GIVEN ENTRIES:

--

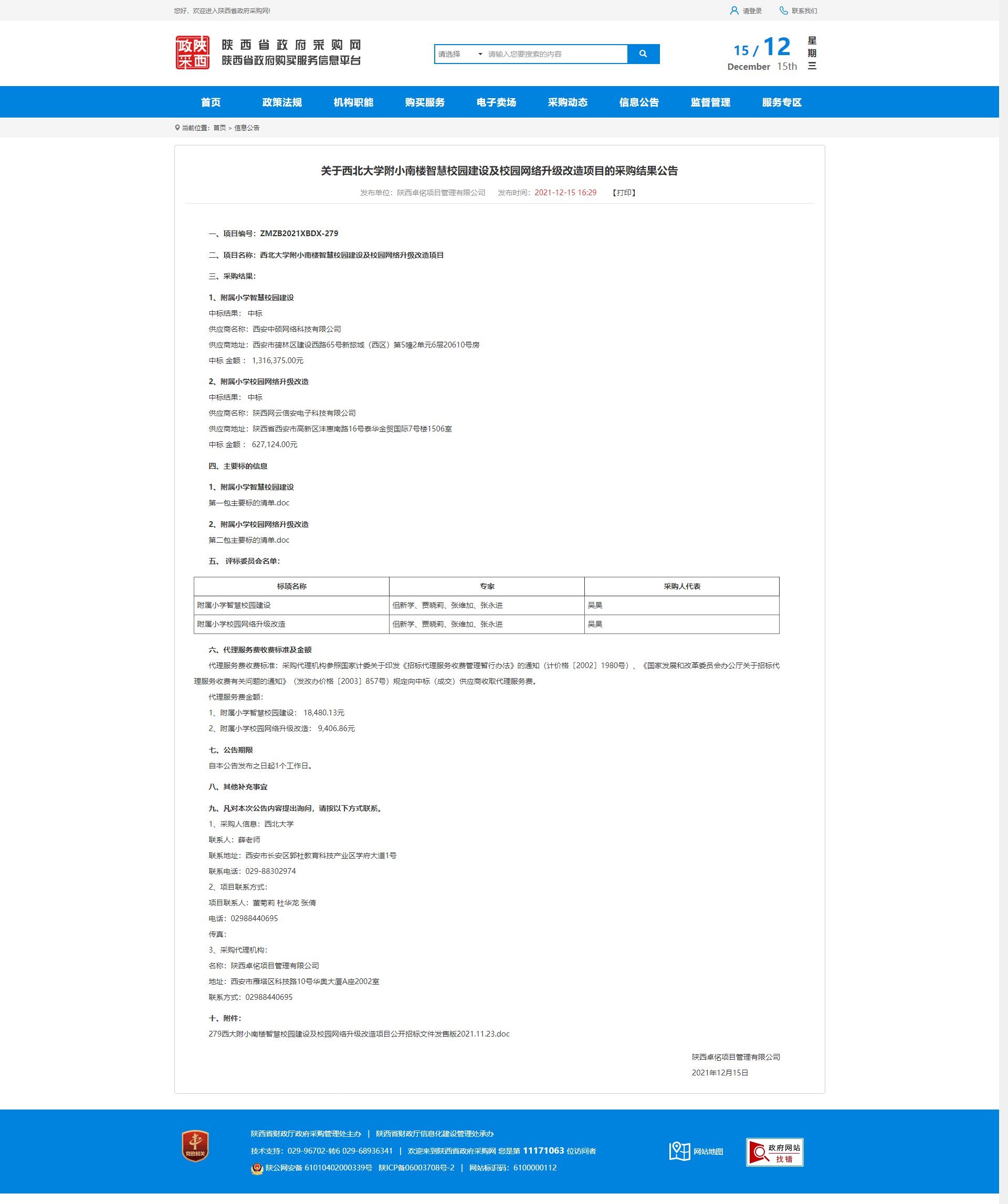 关于必赢3003no1线路检测中心附小南楼智慧校园建设及校园网络升级改造项目的采购结果公告 作者: 编辑:薛利娟 时间:2021-12-15 原公告链接:http://www.ccgp-shaanxi.gov.cn/notice/noticeDetail.do?noticeguid=8a85be317dacefac017dbd0b5be51ce5
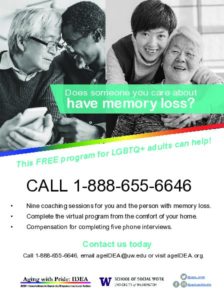 A person with memory loss and their care partner participate in the study as a pair. The care partner can be a spouse, partner, friend, adult child or anyone who assists the person with memory loss. At least one of them must be LGBTQ. The person with memory loss must be age 50 years or older. The pair do not need to live together but they must live in the U.S.
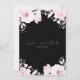 The dramatic black background of the invitation sets the stage for the enchanting top and bottom borders adorned with romantic pink roses. Enhanced by verdant green and delicate pink greenery, as well as leaves, this design captures the essence of nature's beauty and the enduring love shared by the couple.
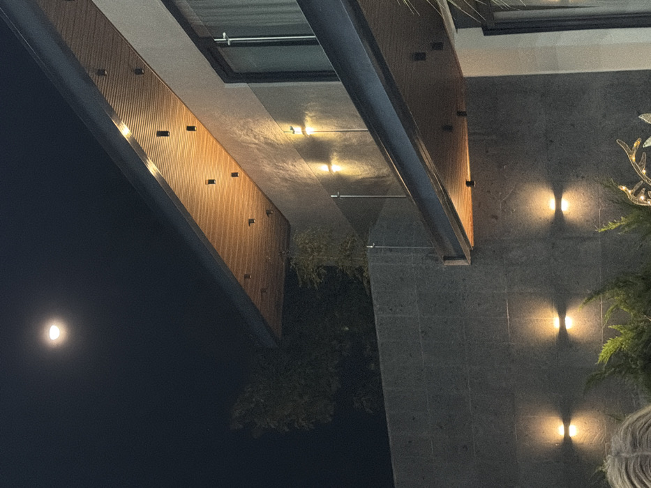 building exterior at night. Warm light emanates from wall fixtures, contrasting with the dark sky where a crescent moon is visible. Modern architectural elements include a glass roof, wooden paneling, and concrete surfaces. The corner of the building is framed by dark vegetation. Overall, it's a blend of contemporary design and natural elements under nocturnal lighting.
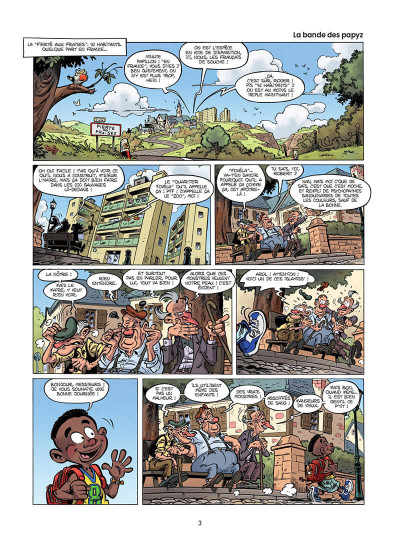 Le premier gag peut faire peur : trois papys sur un banc, pour paraphraser la chanson de Gotainer, mais qui ne parlent pas de la pluie et du beau temps. Ils évoquent, d’une manière assez raciste, les nouveaux arrivants de la cité. Le tour de force de Stéphane Louis est, en un gag puis en quarante-huit pages, de nous rendre sympathique ce trio de seniors mais aussi la bande de jeunes qui zone autour de la cité, les pochtrons du bar, les enfants un peu moqueurs du quartier Fovéla et tous les habitants de la Fierté-aux-fraises. En fait, l’humour de la BD repose sur des provinciaux qui découvrent des banlieusards, des vieux qui fréquentent des jeunes, des jeunes qui s’amusent avec les enfants, et tout ce petit monde, fait pour ne pas s’entendre, passe son temps à se disputer, mais sans méchanceté ni rancœur, mettant à mal les clichés que l’on peut avoir sur chacun d’eux.
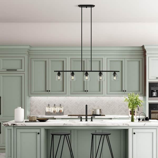 Grandview 5-Light Black Linear Chandelier with Clear Glass
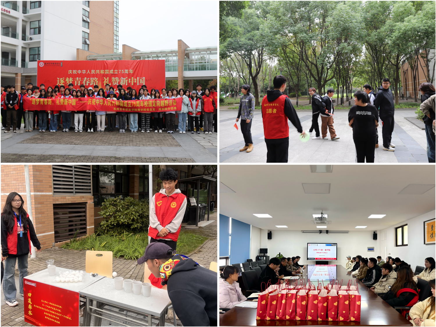 逐梦青春,彰显活力。为庆祝中华人民共和国成立75周年,商学院分团委特此开展“筑梦青春路,礼赞新中国”校园定向越野活动,增强学生的爱国情怀与团队合作精神。“最美评选”系列评选进一步加强学风建设,激励学生通过镜头捕捉校园学习生活中的美好瞬间。“百”约下午茶——少数民族座谈会不仅为商学院师生搭建了一个展示与分享各民族文化的平台,更促进了校园内的民族团结与文化交流,鼓舞学生树立远大理想,担当时代责任,画好民族团结“同心圆”。
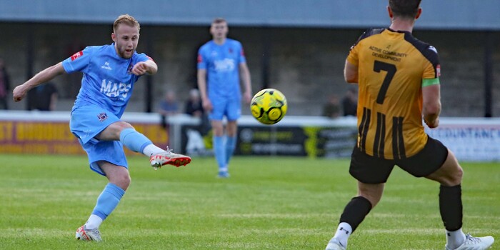 Rory Smith was next to try his luck; seeing the Folkestone goalkeeper off his line, an adventurous chip from distance sailed the wrong side of the crossbar. At this point, the game increased in tempo with referee Goldup giving out the first stern telling-off to Folkestone’s Joel Odeniran having cynically bringing down BC in the middle of the park.
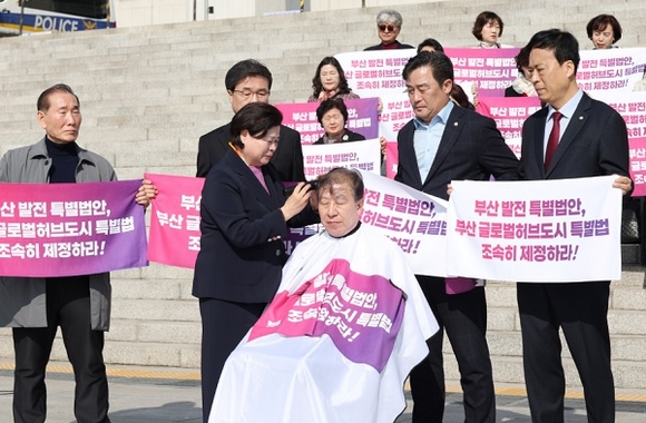 특히 박 시장은 기자회견 도중 시민단체 관계자의 도움을 받아 삭발을 했다. 그는 “아무리 합리적인 사안이라도 정쟁의 벽에 가로막히면 앞으로 나아가기 어렵다는 점을 절감했다”며 “부산 시민의 미래를 위해 결연한 마음으로 나섰다”고 말했다.

--

TASK PROMPT: Pictures should not appear in the copy. Write out exactly the lines above from the first one through the line that contains "A person with".

ANSWER TO THIS TASK:
 关于必赢3003no1线路检测中心附小南楼智慧校园建设及校园网络升级改造项目的采购结果公告 作者: 编辑:薛利娟 时间:2021-12-15 原公告链接:http://www.ccgp-shaanxi.gov.cn/notice/noticeDetail.do?noticeguid=8a85be317dacefac017dbd0b5be51ce5
 A person with memory loss and their care partner participate in the study as a pair. The care partner can be a spouse, partner, friend, adult child or anyone who assists the person with memory loss. At least one of them must be LGBTQ. The person with memory loss must be age 50 years or older. The pair do not need to live together but they must live in the U.S.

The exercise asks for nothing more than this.